Miso One is not a model you run on a laptop. Here’s what you need to know for local deployment.
| Quantization | VRAM (approx.) | Quality Impact |
|---|---|---|
| FP16 (full) | 16–18 GB | Reference quality |
| Q8_0 | 9–10 GB | Minimal degradation |
| Q4_K_M | 5–6 GB | Noticeable but usable |
| Q4_0 | 4.5–5 GB | Degraded prosody |
At FP16, you need a 24 GB GPU to have headroom for activations and batch processing. A 16 GB GPU (RTX 4060 Ti, RTX 4080) can load the model at FP16 but will be tight on memory for anything beyond single-utterance generation.
The official repository at MisoLabsAI/MisoTTS provides the inference code and setup instructions. The quickest path:
1git clone https://github.com/MisoLabsAI/MisoTTS.git2cd MisoTTS3uv sync --python 3.104source .venv/bin/activate5uv run python run_misotts.py
This downloads the model weights from Hugging Face and generates a sample conversation.
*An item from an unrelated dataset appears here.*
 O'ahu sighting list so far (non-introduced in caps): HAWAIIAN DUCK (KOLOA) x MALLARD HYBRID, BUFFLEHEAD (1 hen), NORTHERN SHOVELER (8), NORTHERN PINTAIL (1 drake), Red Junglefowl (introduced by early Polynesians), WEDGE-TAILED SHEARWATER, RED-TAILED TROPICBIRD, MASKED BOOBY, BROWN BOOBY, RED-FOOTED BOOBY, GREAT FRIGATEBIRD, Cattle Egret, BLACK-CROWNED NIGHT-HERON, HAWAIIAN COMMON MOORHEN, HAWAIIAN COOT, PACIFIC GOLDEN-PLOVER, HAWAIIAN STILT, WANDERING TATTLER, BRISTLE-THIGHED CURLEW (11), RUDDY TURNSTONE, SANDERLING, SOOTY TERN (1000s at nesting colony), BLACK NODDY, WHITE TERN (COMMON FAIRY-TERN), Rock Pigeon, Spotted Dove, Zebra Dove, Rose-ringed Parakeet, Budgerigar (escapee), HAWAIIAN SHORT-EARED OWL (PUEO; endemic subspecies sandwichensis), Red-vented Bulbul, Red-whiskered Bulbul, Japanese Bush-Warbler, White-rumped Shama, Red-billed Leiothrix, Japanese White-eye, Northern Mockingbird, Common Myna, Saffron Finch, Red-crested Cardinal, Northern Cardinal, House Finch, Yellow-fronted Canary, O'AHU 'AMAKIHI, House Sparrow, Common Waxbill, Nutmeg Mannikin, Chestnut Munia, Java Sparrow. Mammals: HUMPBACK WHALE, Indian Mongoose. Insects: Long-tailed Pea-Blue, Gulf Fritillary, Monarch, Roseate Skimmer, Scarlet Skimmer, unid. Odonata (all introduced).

For production use, you’ll want to integrate the generator.py module into your own pipeline.
Local inference latency is significantly higher than Miso Labs’ hosted API. Expect 500 ms to 2 seconds for the first audio frame on consumer hardware, depending on GPU and quantization. Streaming generation improves perceived latency but requires careful pipeline design.
GGUF and EXL2 quantizations are not yet available as of initial release, but community conversions are likely to appear quickly given the model’s popularity.
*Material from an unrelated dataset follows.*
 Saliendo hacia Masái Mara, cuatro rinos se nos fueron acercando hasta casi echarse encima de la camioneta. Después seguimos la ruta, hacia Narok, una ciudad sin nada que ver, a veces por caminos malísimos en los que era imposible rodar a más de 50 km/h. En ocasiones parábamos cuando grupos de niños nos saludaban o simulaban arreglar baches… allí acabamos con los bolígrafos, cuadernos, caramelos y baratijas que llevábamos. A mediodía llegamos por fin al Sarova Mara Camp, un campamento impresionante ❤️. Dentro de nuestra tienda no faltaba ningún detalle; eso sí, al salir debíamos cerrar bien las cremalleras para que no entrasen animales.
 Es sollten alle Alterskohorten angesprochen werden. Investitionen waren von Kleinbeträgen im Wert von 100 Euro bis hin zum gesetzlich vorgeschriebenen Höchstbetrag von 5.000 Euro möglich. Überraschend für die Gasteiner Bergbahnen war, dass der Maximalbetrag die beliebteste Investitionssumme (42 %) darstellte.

vs. XTTSv2 (Coqui): XTTSv2 is smaller (~1.6B parameters) and runs on far less hardware—8 GB VRAM is sufficient. It supports multilingual TTS and voice cloning. Miso One wins on emotional expressiveness and audio quality (48 kHz vs 24 kHz). XTTSv2 wins on accessibility, speed, and language coverage. Choose Miso One if you need natural conversational delivery and have the GPU budget. Choose XTTSv2 if you need multilingual support or are running on constrained hardware.
vs. Fish Speech 1.5: Fish Speech is also smaller (~500M–1B parameters) and supports multiple languages with voice cloning. It’s faster and more hardware-efficient. Miso One produces more emotionally varied output and higher sample rates. Fish Speech is the practical choice for production pipelines on consumer GPUs. Miso One is the quality choice for voice agents where natural delivery matters more than throughput.
vs. ElevenLabs (proprietary): ElevenLabs offers superior quality and latency but is a paid API. Miso One is open weights and can run locally. If you need the absolute best quality and have budget, ElevenLabs wins. If you need data sovereignty, no per-character costs, or the ability to fine-tune, Miso One is the better option.